Prompt Injection as Role Confusion

Posted by x312 1 day ago

Prompt Injection as Role Confusion(role-confusion.github.io)

216 points | 113 commentspage 3

lemax 21 hours ago|

LLM architectures need to fundamentally change or inference needs to be used in constrained trusted environments. Nothing surprising here. Filtering and sanitizing, relying on tags around input strings that can be intercepted and replayed is like, childs play security theatre. As long as prompts accept abitrary user input nothing is changing here. Non-deterministic security is never going to be acceptable.

jcims 1 day ago||

I wonder how much the concept of 'roles' in an LLM is a artifact of the technology vs. a projection of our own human limitations into the training data.
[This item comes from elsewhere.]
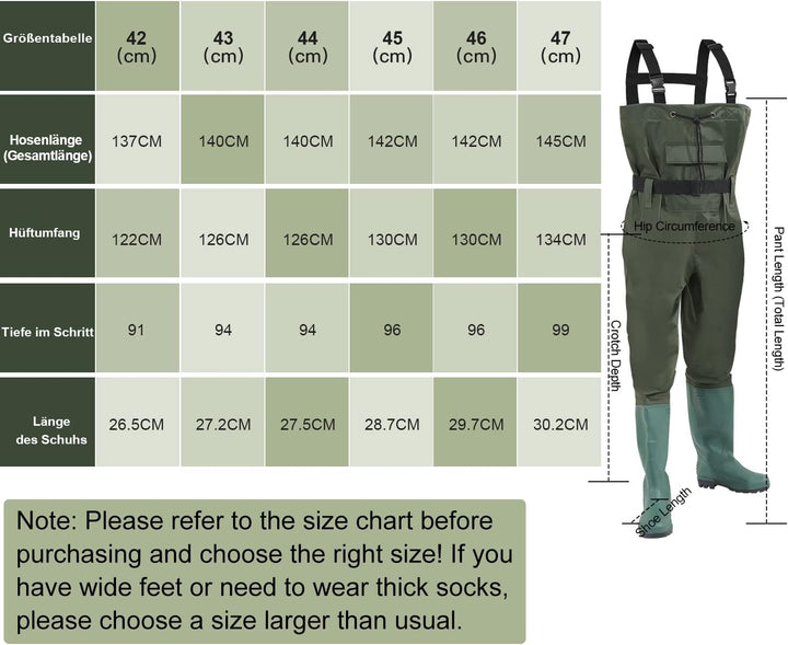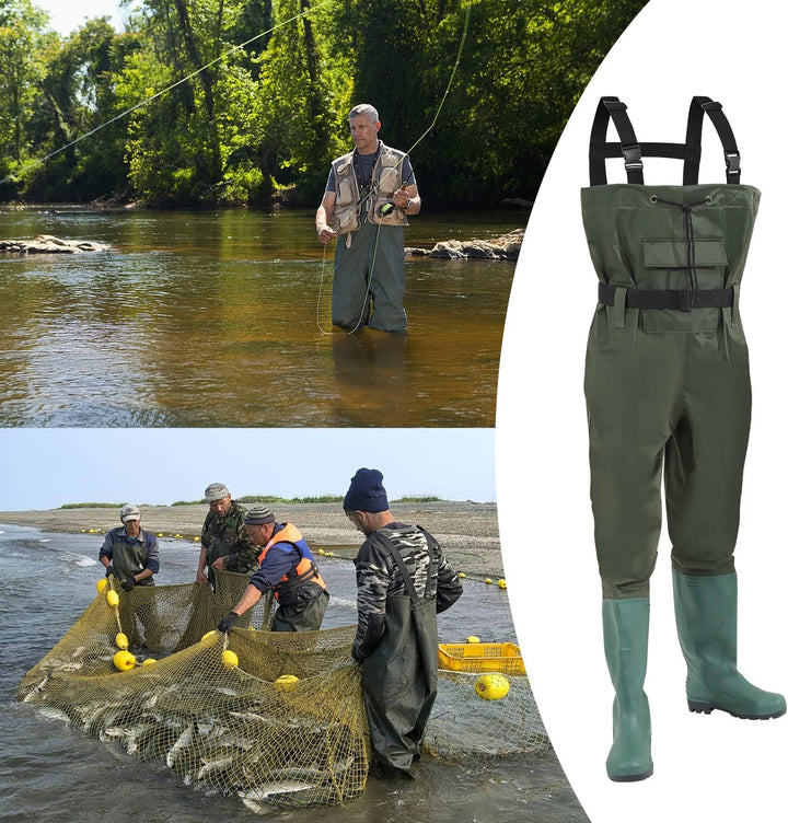 - 【Vielseitig verwendbar】Unsere Wathosen sind geeignet für: Angeln, Jagen, Landwirtschaft, Bergbau, Autowäsche, Teicharbeiten oder Gartenarbeit und jede Tätigkeit an nassen Orten.

I've recently switched from nearly 30 years in cybersecurity roles into a platform role and I can feel the switch in how I approach problems. They wind up being framed against different priorities and constraints, and it feels like something that's just part of how my mind works.

nphard85 1 day ago||

Could the (not so perfect but technically simple) solution be to transform the style of content under each tag to the correct expected style for the tag, via a smaller or purpose-built LLM, before the data stream is fed into the main LLM? Perhaps the two LLMs can be co-trained to keep the overall quality of the output stable while role confusion is minimized.

dweinus 1 day ago||

> We show prompt injections are driven by a flaw in how LLMs perceive roles.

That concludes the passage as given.